Boost high resource language pairs via large pretrained language model

BrightXiaoHan · December 16, 2022, 3:24am

Hi, community!
Is there any mature method to apply the large pre-training language models to machine translation, especially for some high-resource language pairs, such as English-Germany, and English-Chinese? After reading a lot of information, it seems that in the field of machine translation, it is more likely to use a small amount of parallel corpus for fine-tuning, and I feel that it may work better for some low-resource languages. But it seems that it is difficult to improve the performance of rich corpus languages.
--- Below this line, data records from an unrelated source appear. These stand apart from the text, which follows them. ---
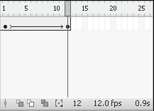 Сейчас нужно воспользоваться автоматическим заполнением кадров для построения гладкой анимации. Для этого щелкните правой кнопкой мыши на одном из кадров, расположенных между ключевыми. В открывшемся контекстном меню выберите пункт Create Motion Twin (Создать расчетную анимацию). В результате временная шкала станет похожей на шкалу, изображенную на рис. 6.16.
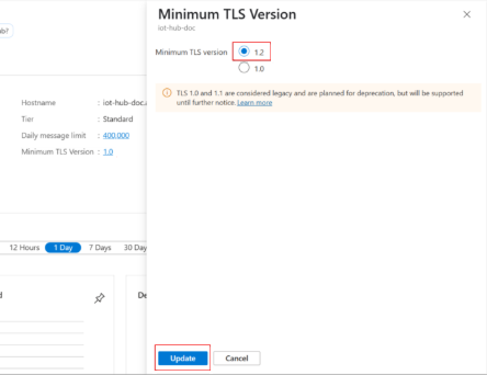En Administración -> Avanzado -> Seguridad de capa de transporte (TLS) -> Versión de TLS mínima, seleccione 1.2. Esta configuración solo aparece para los centros de IoT creados en la región admitida.
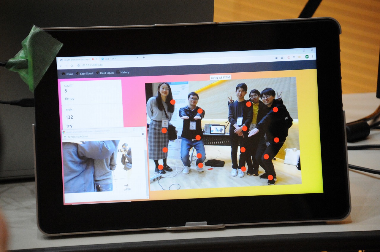 壹岐大輔(機械系),若本亮佑(知能情報系),鳥井 楓(電気電子系),Zhang Yang(四川大学錦江学院) - Health promotion with squats (スクワットによる健康増進システム):創成科学研究科修士1年作品
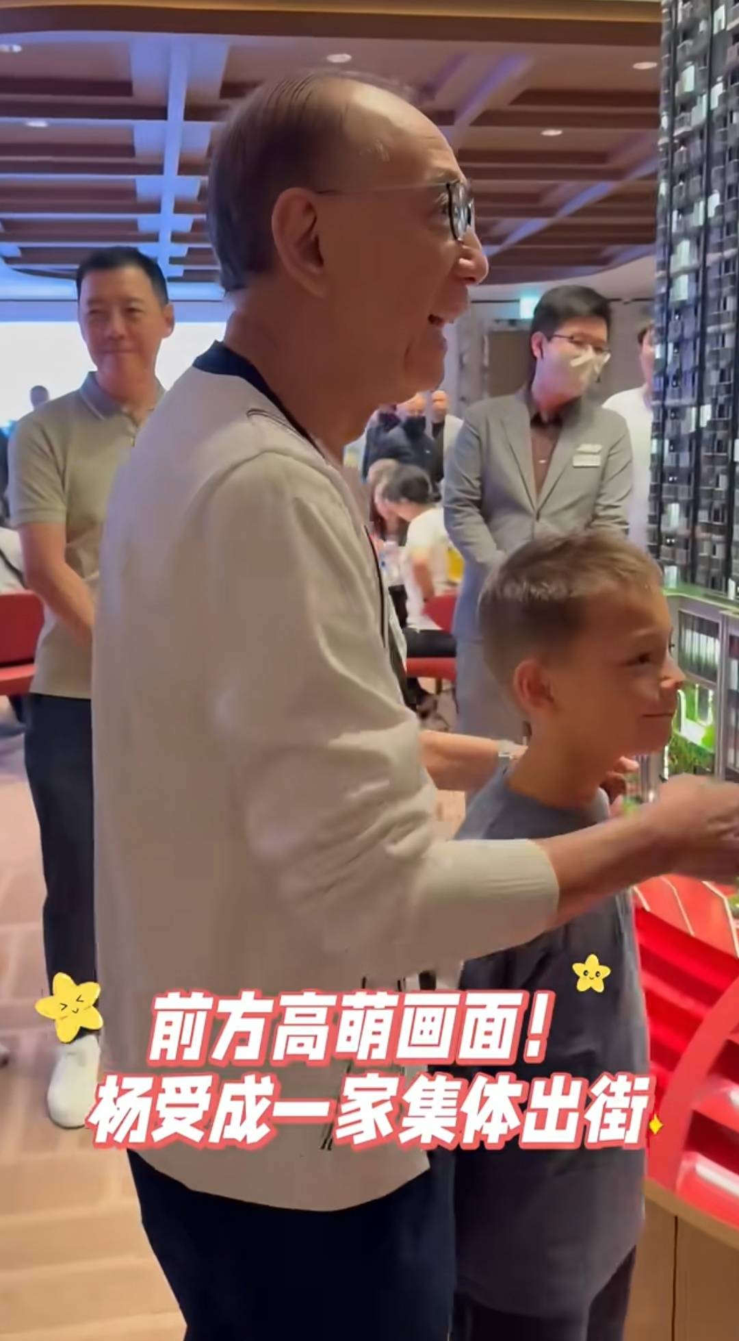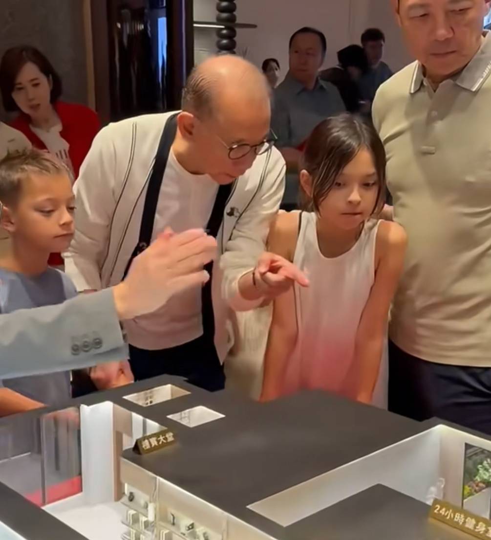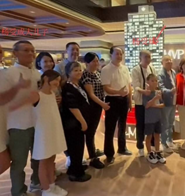 曾是杨受成颇为头疼的儿子,如今父子关系明显缓和许多。此次带大儿子一家看房,尤以陪伴混血孙辈为主,推测可能是为孩子们购置新居。杨受成拉着孙子细致介绍楼盘,隔代亲情可见一斑。作为长孙,杨受成亦深感承欢膝下的珍贵,拍照时不忘挽着孙子,画面温馨动人。这对活泼可爱的孙儿孙女,自然赢得了在场所有人的喜爱。
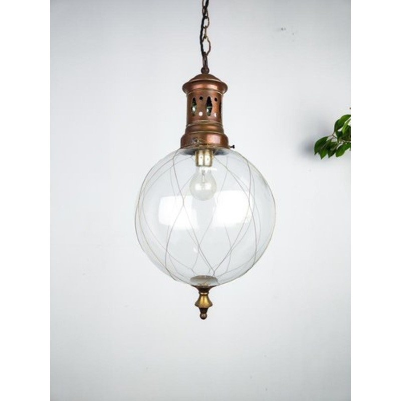 : Beautiful clear globe pendant light caged in brass wire. Constructed out of glass with brass fixture. Design Period 1920 to 1949 Production Period 1930 to 1939 Country of Manufacture Netherlands Style Vintage, Industrial Detailed Condition Very Good This
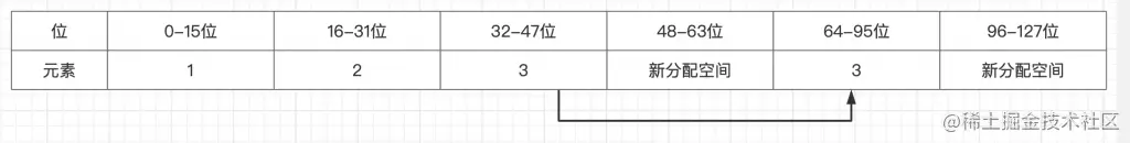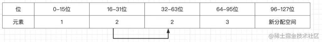 此时我们要向这个集合里添加一个类型为int32_t的整数65535。因为65535的类型比目前数组中的类型要长,所以这个整数集合要先升级。那么第一个步骤就是扩展底层数组空间了。由于要升级到int32_t的类型,所以升级后的数组大小应该是 32 * 4 = 128位。
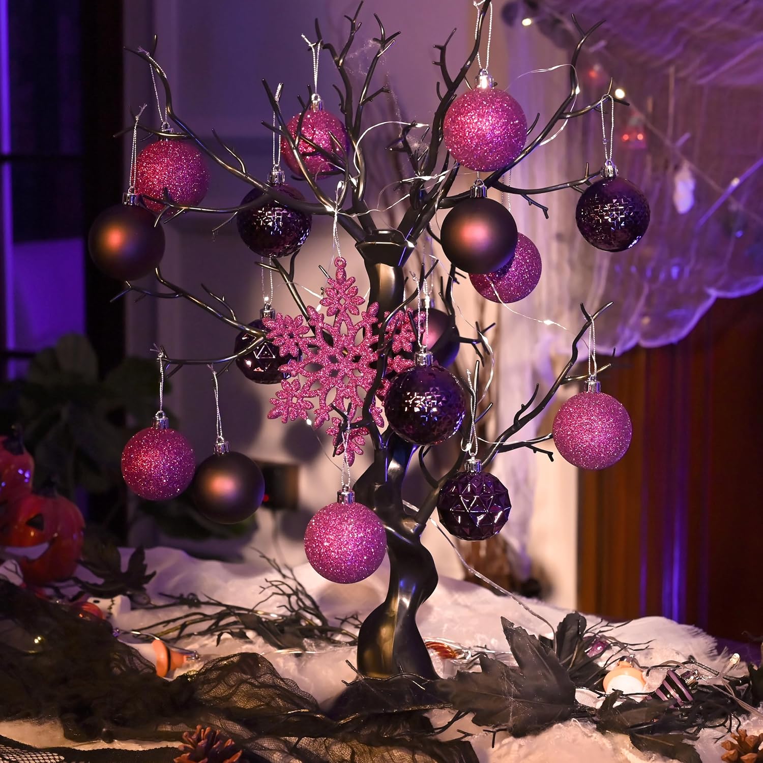 Valery Madelyn Christmas Tree Decorations Ornament Set for Fall Halloween, 50ct 2.36 Inches Purple Shatterproof Christmas Ball Ornaments Hanging Xmas Holiday Party Decor

Is it possible to use large pre-trained large language models to improve machine translation performance for high-resource languages?

vince62s · December 16, 2022, 4:43pm

Hi,

I personally investigated this route and it is not easy to make conclusions.

You can have a look at this PR: LMprior (LM Distillation) with CT2 or Onmt-py to infer LM model by vince62s · Pull Request #2252 · OpenNMT/OpenNMT-py · GitHub

and the Paper associated with it.

Initially it was thought for low resource languages but I tried it for EN-DE.

The short answer is: it seems to bring a bit ( the PPL of the outputs decreases) but I was unable to quantify with a human evaluation.

If you manage to conclude on something, welcome to contribute.

Cheers,

ymoslem · December 16, 2022, 8:49pm

Hello!

I used large language models to generate synthetic domain-specific data, simulating the characteristics of either the text to be translated or the target side of a small in-domain dataset. Then, the generated data is back-translated to create the source side. Finally, the new synthetic dataset is used to fine-tune the baseline MT model. This approach achieved good results for high-resource languages like English-Arabic and English-Spanish.

You can find more details in this paper:

This blog also summarizes our approach:

If you have questions, please let me know.

Kind regards,
Yasmin

BrightXiaoHan · December 19, 2022, 3:11am

Thanks for your reply. I will try this method. In your experiments, are there any boosts on bleu values or TER?

BrightXiaoHan · December 19, 2022, 3:18am

Thanks for your reply!
Very good work, very inspiring for me. I will try this method.